Daeman’s head came up quickly. “Yes. I think it was. Savi . . . yes, that sounds right. Unusual.” He saw Harman and Ada exchange meaningful glances again and said, “What? Is this significant? Do you two know her?”
“The Wandering Jew,” said Ada. “Have you heard that legend?”
Daeman smiled tiredly. “About the woman who somehow missed the final fax fourteen hundred years ago and who’s been condemned to wander the earth ever since? Of course. But I didn’t know the woman in the legend had a name.”

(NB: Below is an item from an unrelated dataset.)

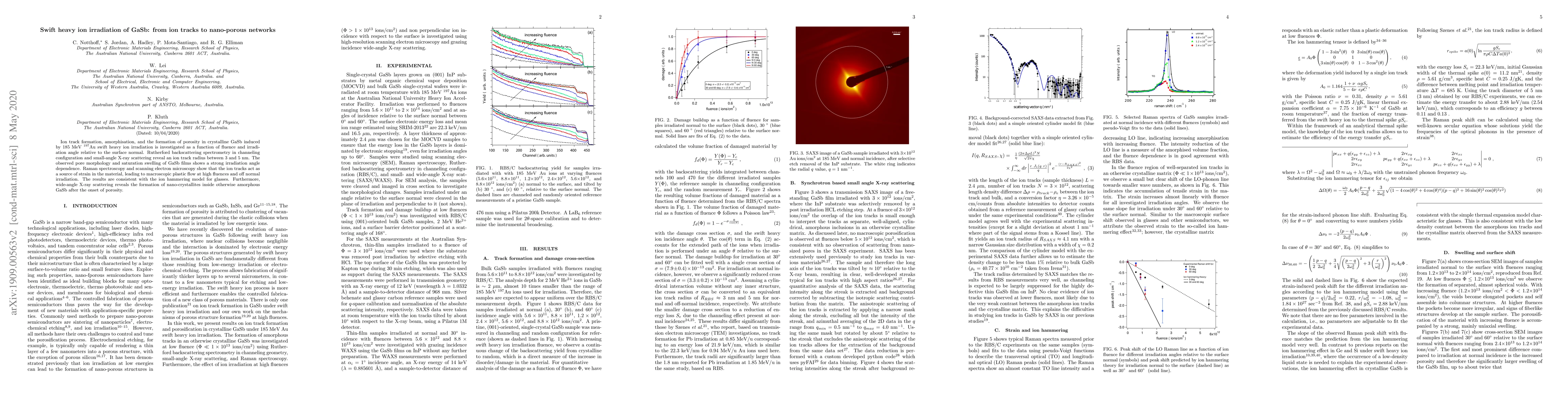 This study investigates the effects of 185 MeV $^{197}$Au swift heavy ion irradiation on GaSb, revealing ion track formation and the development of nano-porous networks. The irradiation angle significantly influences the pore morphology and swelling, with plastic flow observed at high fluences, consistent with the ion hammering model.

“Savi,” said Harman. “Savi’s her name.”
Marina came in with two servitors carrying mugs of mulled wine and a tray of cheese and breads. The uncomfortable silence was broken by small talk while they ate and sipped.
“We’ll fax there tonight,” Harman said to Hannah and Ada. “To the dry valley. There might be some clue left.”
Hannah held her steaming mug in both hands. “I don’t see how. That Burning Man was, as Daeman said, more than eighteen months ago.”
“When’s the next one?” asked Ada. She never went to such dementia-era ceremonies.
It was Harman who answered. “One never knows. The Burning Man Cabal sets the time and notifies people only days before the event. Sometimes they’re a few months apart. Sometimes a dozen years. The one in the dry valley was the last one. If you’ve been to any of the previous three, you’re invited. I missed it because I was hiking in the Mediterranean Basin.”